Figures 3D i–iv show the thickness (δ) of the Alg hydrogel layer as it formed over time. Four impact factors were investigated, including the concentration of Alg precursor solution, the concentrations of Ca2+ and gelatin in the gelatin layer, and the thickness of the gelation layer. The experimental results show that the formation rate of the Alg hydrogel layer increases significantly as the concentration of Ca2+ increases. The increase in the concentrations of Alg and gelatin obviously slows the formation of Alg hydrogel layers, because the increasing viscosity of precursor solution and density of the gelation layer hinder the diffusion of Ca2+ ions. Else, the thickness of the gelatin layer, which affects the surface-volume ratio, had a relatively small effect herein. This indicates that in the early period of the Alg hydrogel formation process, its crosslinking is mainly induced by Ca2+ ions on the surface of the gelatin layer, and the supplementation of Ca2+ ions from the bottom of the gelatin layer is not obvious, which may be due to the slow diffusion of Ca2+ ions in the dense gelatin layer. In addition, Figure 3E shows whether Alg hydrogel layers form on the surface of gelatin layers after a sufficient formation time (8 h herein) with different concentrations of Ca2+ and Alg. It can be considered that the concentration of Ca2+ is the major factor, and Alg hydrogel layers cannot form when it is less than 0.01 M.

Tensile tests were conducted to obtain the mechanical data of the Alg hydrogel layers formed with different concentrations of Ca2+ and Alg. From the stress-strain curves shown in Figures 4A and 4B, the tensile moduli, fracture strain, and fracture stress can be obtained, as shown in Figures 4C and 4D. The tensile modulus and fracture stress increase with increasing concentrations of Ca2+ and Alg, possibly because of the increasing density of ionic bonds and Alg chains. The fracture strain increases as the concentrations of Ca2+ increases, which may be because of the increasing density of ionic bonds, while it decreases as the concentration of Alg increases, which may be because of the decrease in material uniformity due to the longer forming time.

Figure 4

Tensile tests for the mechanical data of the formed Alg hydrogel layers

(A and C) Stress-strain curves and the mechanical data of Alg hydrogel layers formed with different concentrations of Ca2+. (Data are represented as mean ± SD).

(B and D) Stress-strain curves and the mechanical data of hydrogel layers formed with different concentrations of Alg. (Data are represented as mean ± SD). See also Figure S1.

Actuation tests of CAUs

CAUs can be actuated continuously, which are controlled by the volume change of the driving fluids. The actuation performances of the CAUs were tested and their actuation processes are shown in Figure 5. The actuation processes were tested at a volume change rate of 3 mL/min.

Figure 5

Actuation tests of CAUs

(A–C) Actuation processes and actuation curves of LCC, TBC, and TCC-CCW/CW, respectively: CAUs were actuated continuously, controlled by the volume change of the driving fluids. See also Videos S1, S2 and S3. (Scale bar = 2 mm; Data are represented as mean ± SD).

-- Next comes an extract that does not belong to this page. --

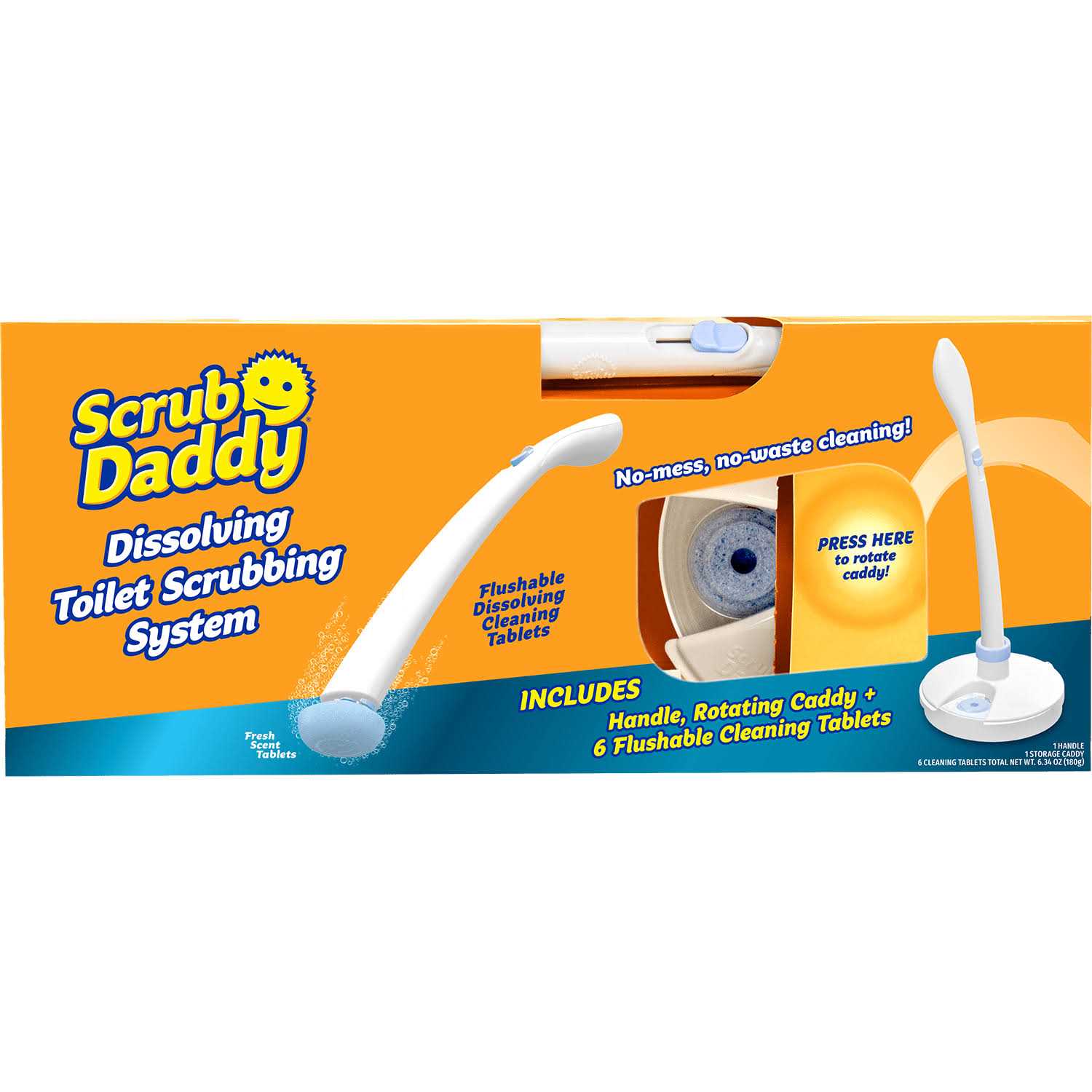 This innovative Scrub Daddy Dissolving Toilet Scrubbing System uses dissolvable tablets to quickly and efficiently clean the toilet bowl. Tablets power through tough stains and provide a fresh clean scent. Tablets are stored in the caddy base and easily click into the toilet wand when needed. The system includes 1 wand, 1 storage caddy, & 6 flushable tablets. Scrub Daddy Dissolving Toilet Scrubbing System This innovative toilet wand system uses flushable dissolvable tablets to quickly and efficiently clean the toilet bowl. Tablets power through tough stains and provide a fresh clean scent. Tablets are stored in the caddy base and easily click into the toilet wand when needed. The system includes 1 wand, 1 storage caddy, & 6 flushable tablets. Tablets last through the duration of the cleaning process and will dissolve or can be flushed when the job is done 6 tablets are included in each system and the refill packs can be purchased separately.

(D) Output forces curves of CAUs as volume changes: The output forces increased with the increase of negative fluid pressure caused by volume change. (Data are represented as mean ± SD. See also Figure S3).

LCCs performed a linear contraction motion to its maximum length change of contraction (ΔH) of appr. 6.431 mm, with a maximum relative length change of contraction (ΔH/H) of appr. 47.580%. TBCs performed a tilting motion with a maximum angle change of tilting (Δβ) of appr. 45.182°. TCCs performed a coupled motion of twisting and contraction, with a maximum angle change of twisting (Δθ) of appr. 51.092° (CCW) and 51.845° (CW) and a maximum length change of contraction (ΔH) of appr. 6.639 mm (CCW) and 6.532 mm (CW) (ΔH/H = 54.258% (CCW) and 50.810% (CCW)). The actuation processes of the tested TCC-CCW and TCC-CW were nearly symmetrical, as designed. In addition, their actuation speed can be controlled by the volume change rate of the driving fluids, for examples, the CAUs completed a single actuation stroke in appr. 4s when the volume of their driving fluids change at 12 mL/min (as shown in Videos S1, S2 and S3).

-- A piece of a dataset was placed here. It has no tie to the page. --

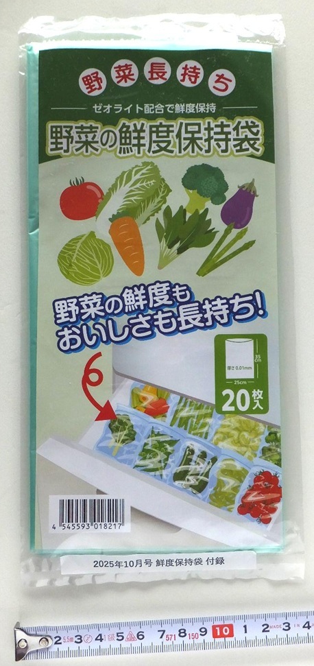 | 商品説明 | ゼオライト配合の野菜鮮度保持袋 20枚入 野菜長持ち 野菜の鮮度もおいしさも長持ち! サイズ 縦35cm 横25cm 厚さ0.01mm 薄い緑色 下部にシールで 「2025年10月号 鮮度保持袋 付録」と ありますが、いただきものの為詳細は不明です 家庭での保管品です。 気になる方は、入札ご遠慮ください。 整理番号 25282 |

The output forces of CAUs as volume changes were also tested. The output forces increased with the increase of negative fluid pressure caused by volume change. In addition, from the output force curves of LCCs fabricated with different concentrations of Alg, the LCCs made from higher concentration of Alg, which results in larger tensile moduli in their Alg hydrogel layers, have larger output forces.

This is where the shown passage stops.